Don’t we all have those incidents in our lives? Those things that forever change the way we look at the rest of our lives. Financial losses. The loss of a child. A spouse. A partner. A friend. Rejection and disappointment from a parent. Death and devastation at the hands of another. Rape. Murder. Abuse. The loss of trust due to spiritual abuse at the hands of the church.
The list is endless. This list of terrible things. And as varied and unique as each and every one of us. For many of us, when these things happen, we begin to question and to doubt. Our faith. Our beliefs. The very existence of God. At the very least, the existence of a god who loves us and cares about the things that happen in our lives. And this becomes one of those terrible things.
“Don’t be afraid.”
This is the part I struggle with. I imagine many of you do as well. How in the world can you not be afraid? Of being hurt. Of loss. Of being disapppointed. Of devastation. Of being alone. There are times when the fear is overwhelming. Times when the fear is paralyzing. So much so that we forget to live our lives in the moment because we spend so much time living in the what ifs.
“I am with you.”
We also forget that God is with us. He never promised that life wouldn’t be difficult. That there wouldn’t be things that would knock the breath straight out of us. And when you grow up in church being told that these things happened because you didn’t believe enough, pray enough, have faith enough, you question the very existence of a loving God. The existence of grace. Of restoration. Of redemption.

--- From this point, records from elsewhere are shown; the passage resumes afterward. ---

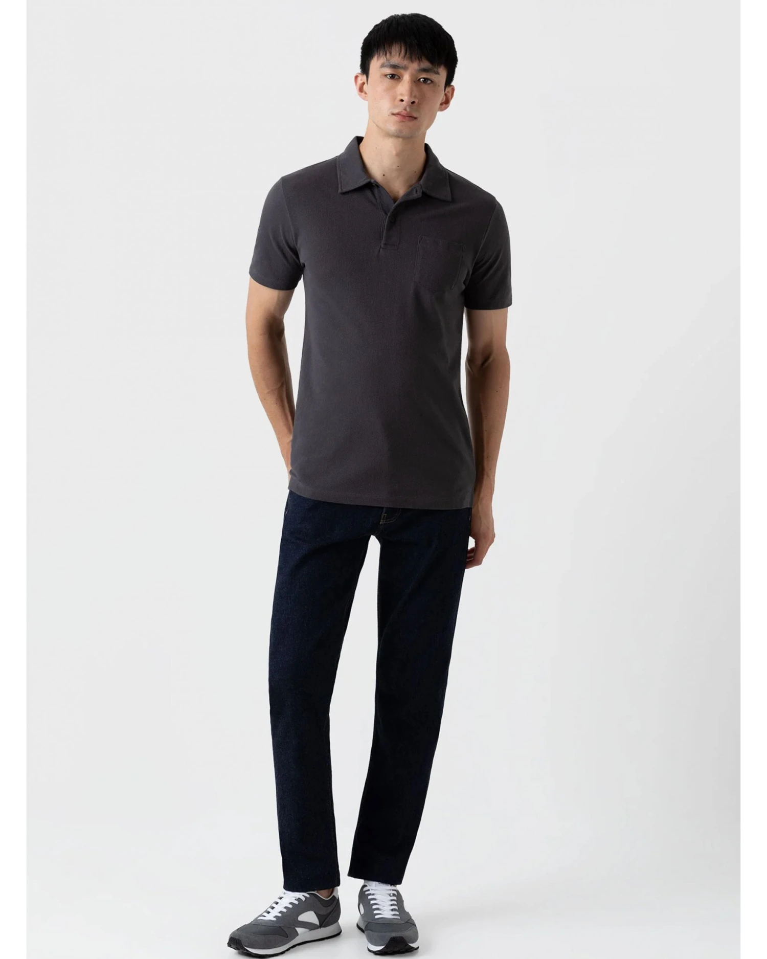 - Sunspel Mens Riviera Polo Shirt Charcoal Grey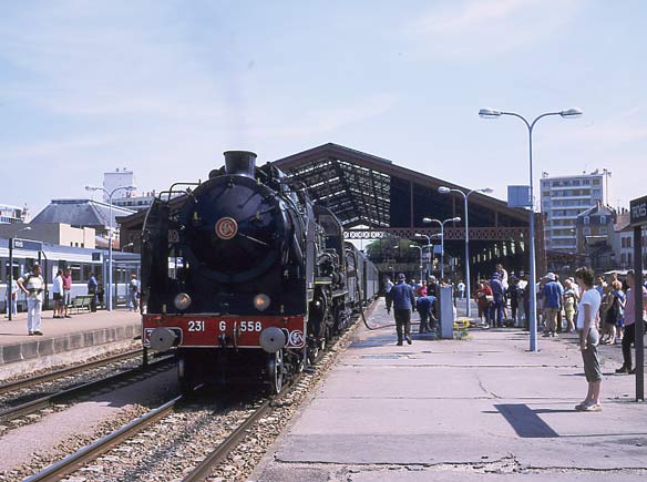 SNCF allowed passengers and locals in to the yard alongside the station to watch the servicing of 231G558 accompanied by her support vehicle. June 1 2003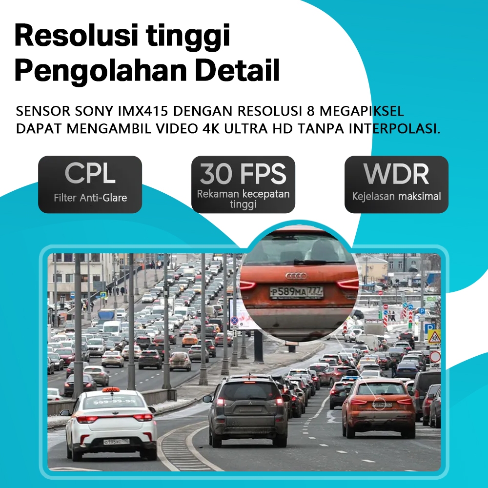 Dash Cam Pro Plus V22 Set 4K GPS (Front +Rear Camera) Dashcam Mobil Perekaman Loop 24 Jam Berisi kartu Memori
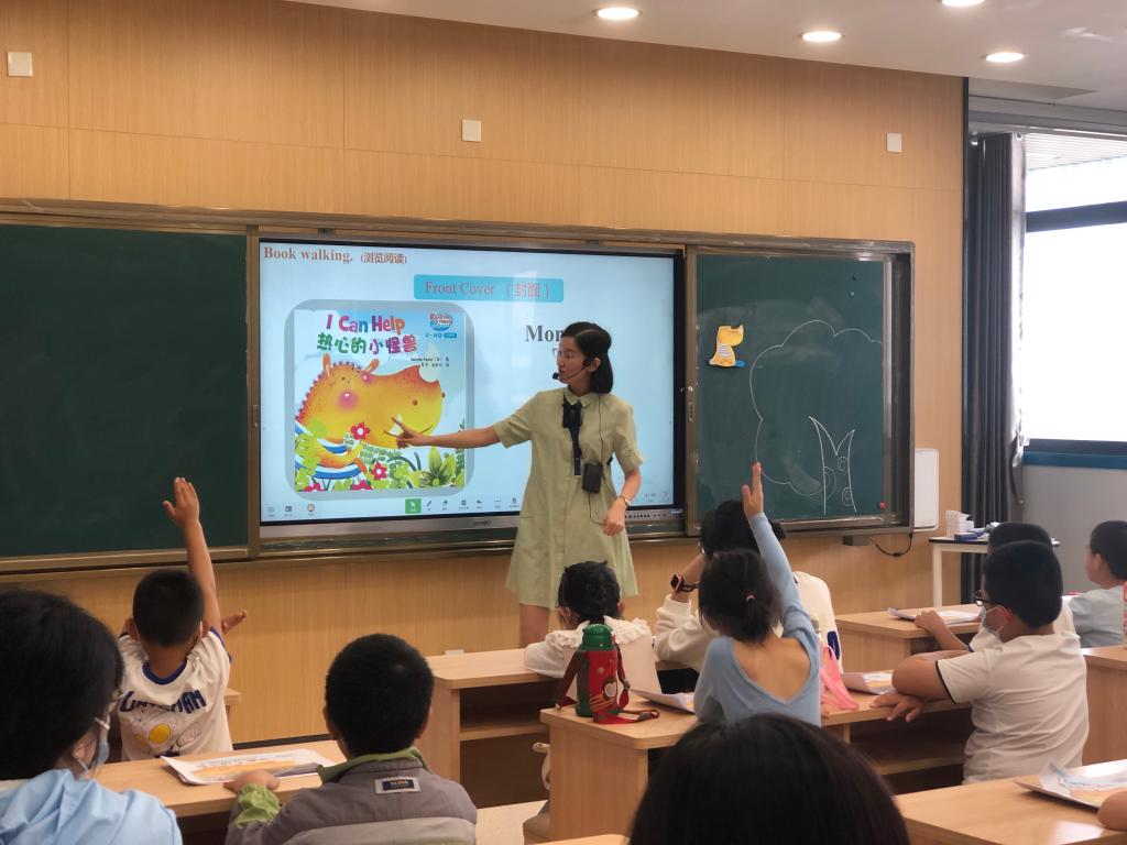 在本场活动中,台江区小学英语林玉华名师工作室成员、福州市光明小学骨干教师吴斌老师带来Icanhelp绘本教学。在教学的过程中,吴斌老师坚持以学生为中心,在做中学、学中玩。她创设情境,利用教学用具,用生动有趣的方式向学生们解读绘本,激发了学生听故事、读故事、学语言、讲故事的兴趣。在吴斌老师绘声绘色、声情并茂的引领下,孩子们沉醉其中、积极思考。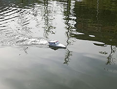 上午短暂的时光匆匆而过,迎来的将是下午激烈的角逐。下午2:00,比赛正式开始。一声哨响,第一只船出发了。在选手小心谨慎的操控下,船或者加速前行,或者减速拐弯,途中还要绕过四个浮标。评分人员根据船完成比赛所用时间,中途碰撞、超出区域的次数进行打分。紧接着,按照排序,一只只船开始了自己的航行。在这场激烈的比赛中,一些船脱颖而出,不仅美观个性,而且参赛中加速减速,流畅顺利,浮标岸壁,一次未碰,赢得大家一致称赞,拍手叫好。一些船,虽然在中途有一些小碰撞,但在小心操控下,也顺利地完成了比赛。当然,也有一些突发状况。一些船体在参赛前出现了故障,需要临时修改,便不得不延迟参赛;一些船在参赛中意外沉水,或者静止不动,同学们便及时帮忙打捞;而有的船因为马力过大,不受控制,冲向岸边。面对这些突发状况,同学们虽然显得有些焦急,但也在有条不紊的改进着自己的船,高效地解决问题,重新参赛。就这样,不知不觉,比赛进入尾声。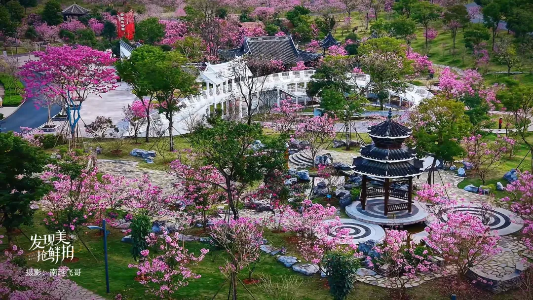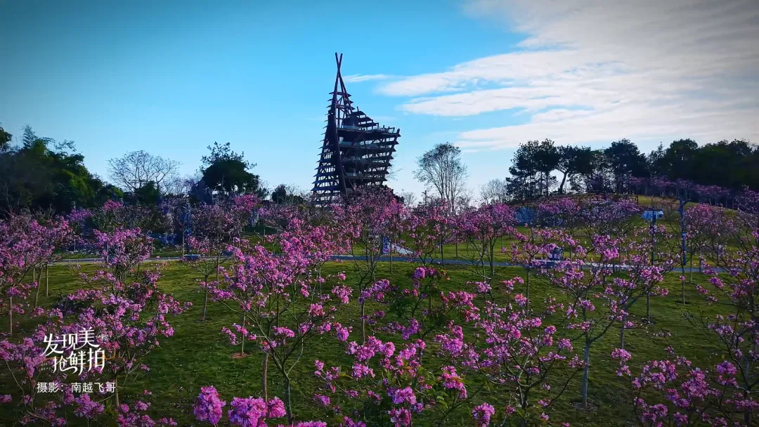 1、地址:南宁市邕宁区蒲兴大道20号,直接导航“南宁园博园”,从东大门入园,沿步道步行十分钟可达清泉阁背后的紫花风铃园。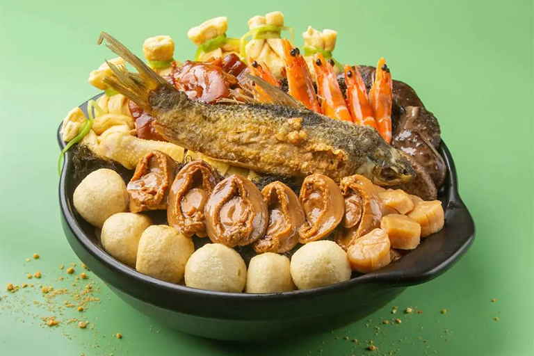 原隻八頭鮑魚、原粒瑤柱甫、美顏花膠、茄汁大蝦、香滑鯪魚球、頭抽豉油雞、鮑魚汁炆鵝掌、自家製南乳豬手、炆豬脷、芋頭扣肉、蠔皇花菇、豬皮、竹笙、鮮草菇、炆蓮藕、蘿蔔、豆卜、枝竹及紹菜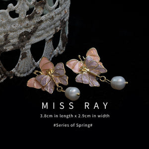 UNI-10573 - Pink & Purple Butterflies - Earring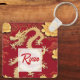 Chinese yellow Dragon with yellow peonies on red background + yellow Chinese dragon ideogram and yellow "Year of the Dragon". Design on Square keychain with monogram or first name to personalise in back. Matching greeting card, postcard, sticker and more...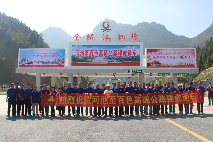 路騰龍飛騁八桂,齊驅(qū)并舞慶誕辰。11月28日,新發(fā)展交通集團(tuán)參加勘察設(shè)計(jì)、施工的吳圩機(jī)場(chǎng)至大塘高速公路、河池至百色高速公路正式通車(chē),企業(yè)豐碑再添功績(jī)。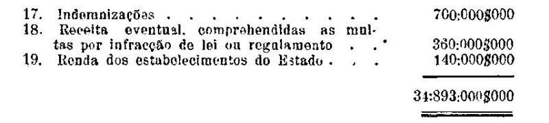 Thesouro: Inspector, 12:000$000; contador, 9:600$000; official-maior, 8:400$000;
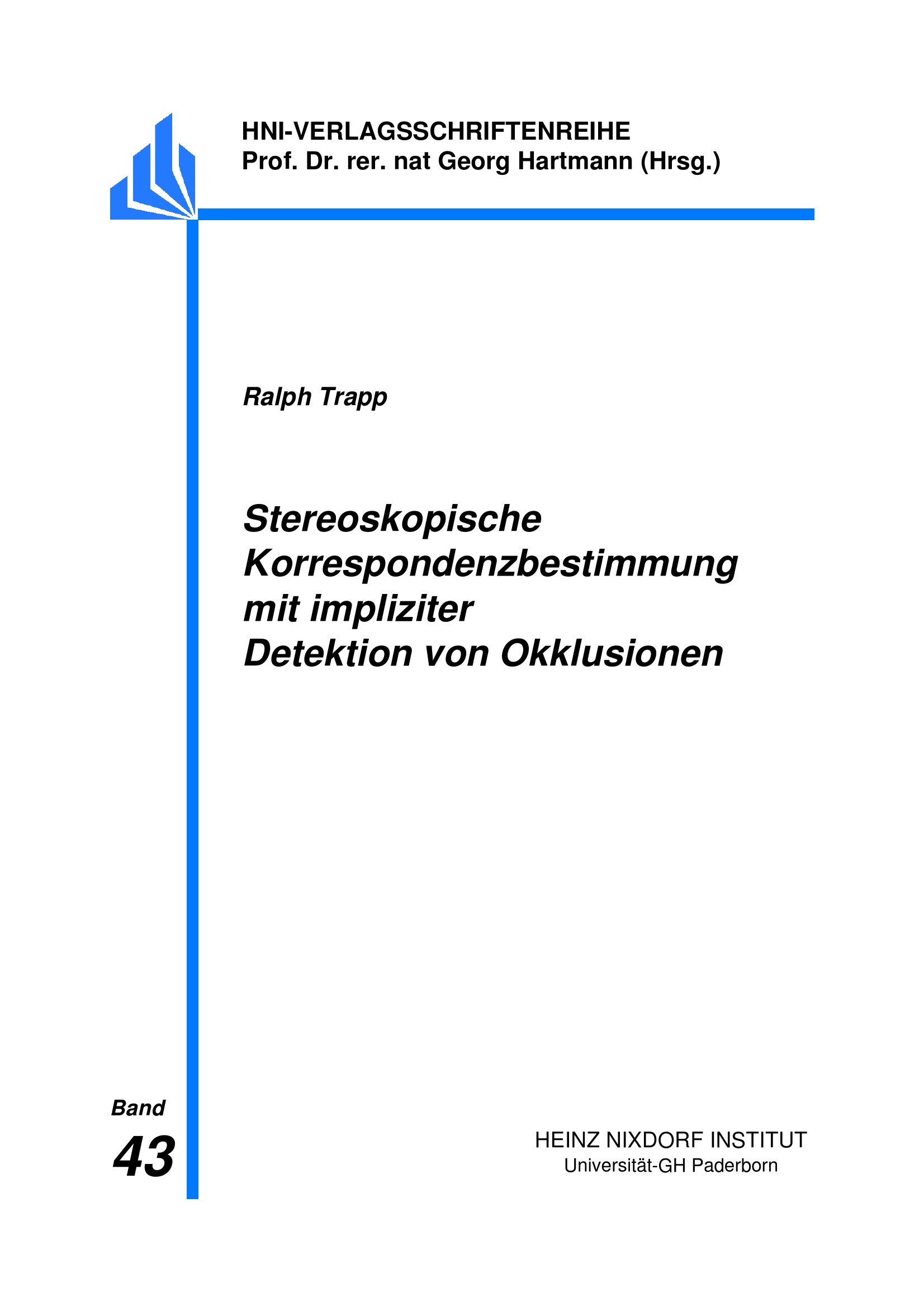 Stereoskopische Korrespondenzbestimmung mit impliziter Detektion von Okklusionen / von Dipl.-Ing. Ralph Trapp aus Winterberg. Referent: Prof. Dr. rer. nat Georg Hartmann, Korreferent: Prof. Dr.-Ing. Ulrich Rückert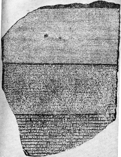 Однако это было не так просто, как могло показаться с первого взгляда. Многие учёные пытались подобрать ключ к этой надписи, но у них не было достаточной подготовки; они могли только угадывать, а не идти путём научного исследования и изучения текста. В 1808 г. над дешифровкой надписи на Розеттском камне начал работать 18-летний учёный Франсуа Шампольон. Он великолепно владел греческим языком и латынью, хорошо знал коптский, свободно говорил и писал на арабском языке. В 20 лет он уже был «доктором словесности». Именно эта серьёзная научная подготовка и прекрасное знание древних языков помогли молодому учёному решить его трудную задачу. Вооружённый такими знаниями, Шампольон подошёл к разгадке Розеттского камня не тем путём, что его предшественники. Прежде всего Шампольон попробовал подставить буквенные значения к иероглифам в имени «Птолемей». Первый (верхний левый) иероглиф имени в картуше он попытался читать как п; нижний левый иероглиф — как т, следующий за ними — как о; иероглиф, похожий на рисунок сидящего льва, — как л; иероглиф, находящийся под этим рисунком, — как м; два следующих иероглифа — как ай, и, наконец, последний иероглиф — как с. Получилось «Птолмайс». По сравнению с греческим произношением этого имени «Птолемайос» в египетском не хватало буквы е и второго о. Выходило, что египтяне произносили не «Птолемайос», а «Птолмайс». Но Шампольона это не смутило, так как он хорошо знал, что в таких языках, как арабский и древнееврейский, гласные буквы очень часто пропускаются. Следовательно, он имел основание предположить, что и в египетском языке тоже, может быть, некоторые гласные выпадают. Однако это было только начало дешифровки. Ведь он прочёл одно лишь имя, сомнения в точности чтения были вполне закономерны. Через некоторое время Шампольону посчастливилось найти другой памятник, на котором он прочёл имя царицы Клеопатры. Благодаря этому имени Шампольон узнал несколько новых иероглифов и утвердился в чтении уже знакомых иероглифов, как л, о, п, и т, которые встречаются в обоих именах. Постепенно Шампольон перешёл от чтения имён к чтению отдельных слов и даже целых фраз. В понимании прочитанного ему помогло знание коптского языка, в котором сохранились общие корни с древнеегипетским. Наконец, Шампольон убедился в том, что он действительно нашёл ключ к чтению египетских иероглифов и понимает древнеегипетский язык. 27 сентября 1822 г. он сделал об этом доклад на заседании Академии наук в Париже, где присутствовало много европейских учёных из разных стран. Эта дата считается днём рождения новой науки — египтологии. Значительно более трудным делом оказалась дешифровка другого древневосточного письма, называемого «клинописью». Это название при думал в XVII в. итальянский путешественник — купец Пьетро делла Валле, который побывал в Персии. Он увидел там на больших каменных плитах, в развалинах дворца в Персеполе, странные узоры, состоящие из углублённых клинышков, врезанных в камень. Пьетро делла Валле внимательно рассматривал необычайный узор и пришёл к выводу, что это надпись, в которой каждый знак обозначает, может быть, целое слово, что их следует читать не справа налево, как обычно читаются все книги восточных народов, а слева направо. На эту мысль его натолкнуло направление косого клинышка, который иногда вставлялся межд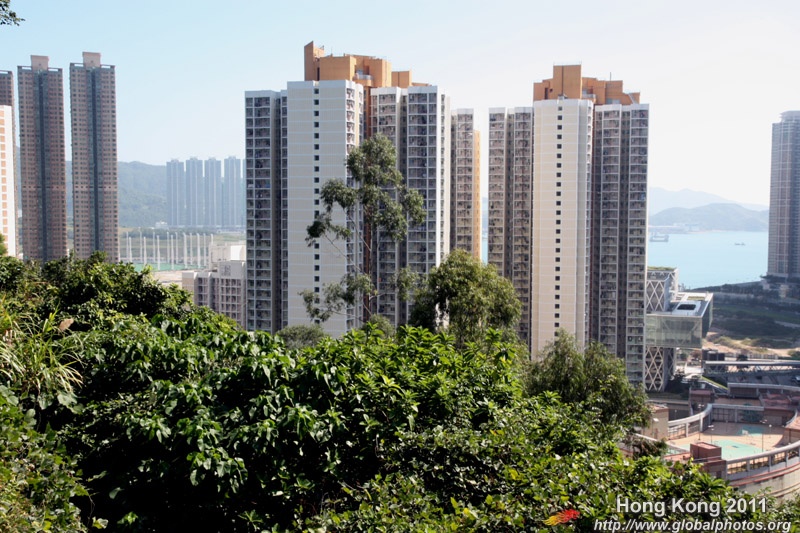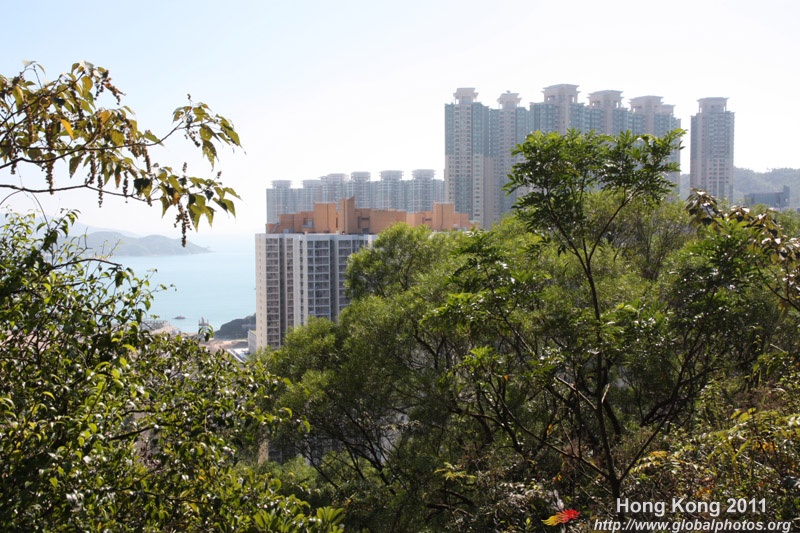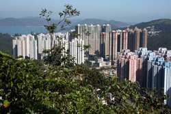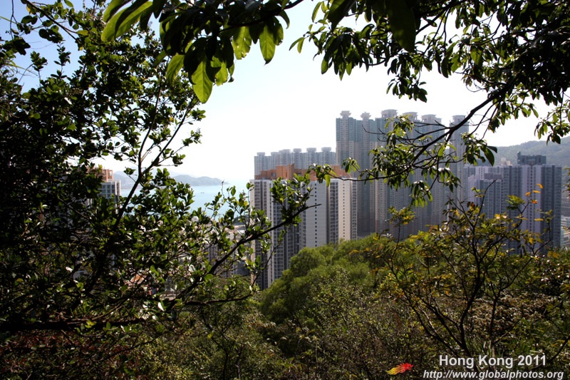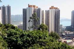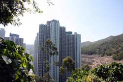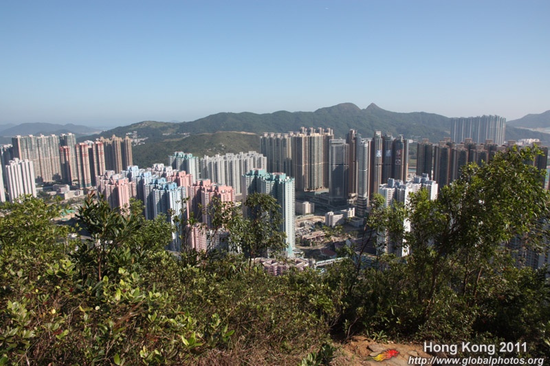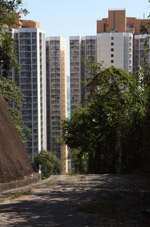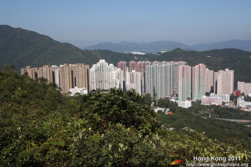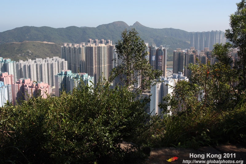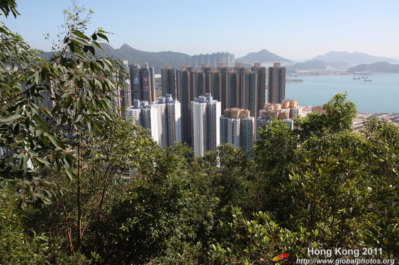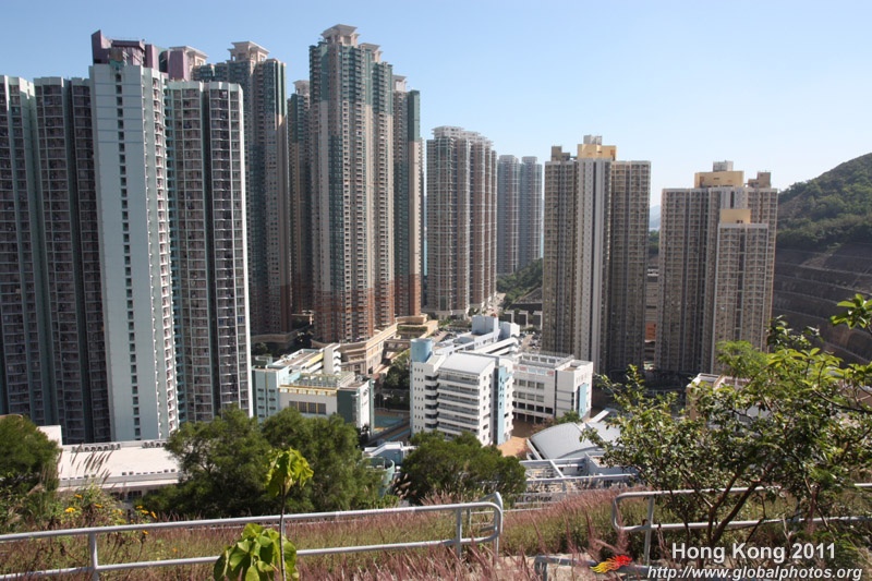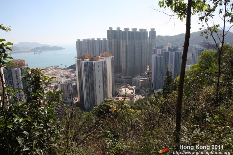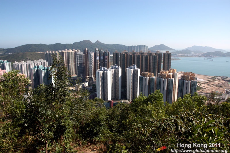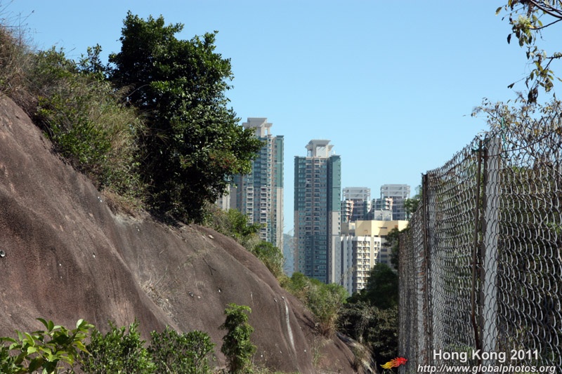 After a few staircases, Tiu Keng Leng's residential skyscrapers appear above the vegetation.

He came in our weakness to experience everything as we would. To know what it’s like to be cold and hungry. To be hurt and disappointed. To be lonely. To weep over loss. To ultimately be betrayed. He knows how to sit with us in it.
Beautiful things will happen.
Living in the what ifs takes our focus off the beautiful things that happen in our lives. We need to focus on taking the time to actually see those things. To live in the moments of beauty. Lean into the Jesus who is sitting with us in the midst of the terrible things. Because there’s beauty in knowing that someone gets us. That someone allows us to glimpse their me too moment. There’s beauty in that vulnerability. Sometimes, beauty is hard.
Be that beautiful thing for someone. Especially if they are doubting and questioning their faith. Let them lean into you. They need something to grab hold of. Some thread of faith or belief. Some thread of hope that this is not all there is. That they are not alone.
God knows I have needed my share of beautiful things lately. I have needed that thread to hold on to. That hope that I am not the only one. I think we all have these moments. The moments when we need someone to lean into. Someone to lean on.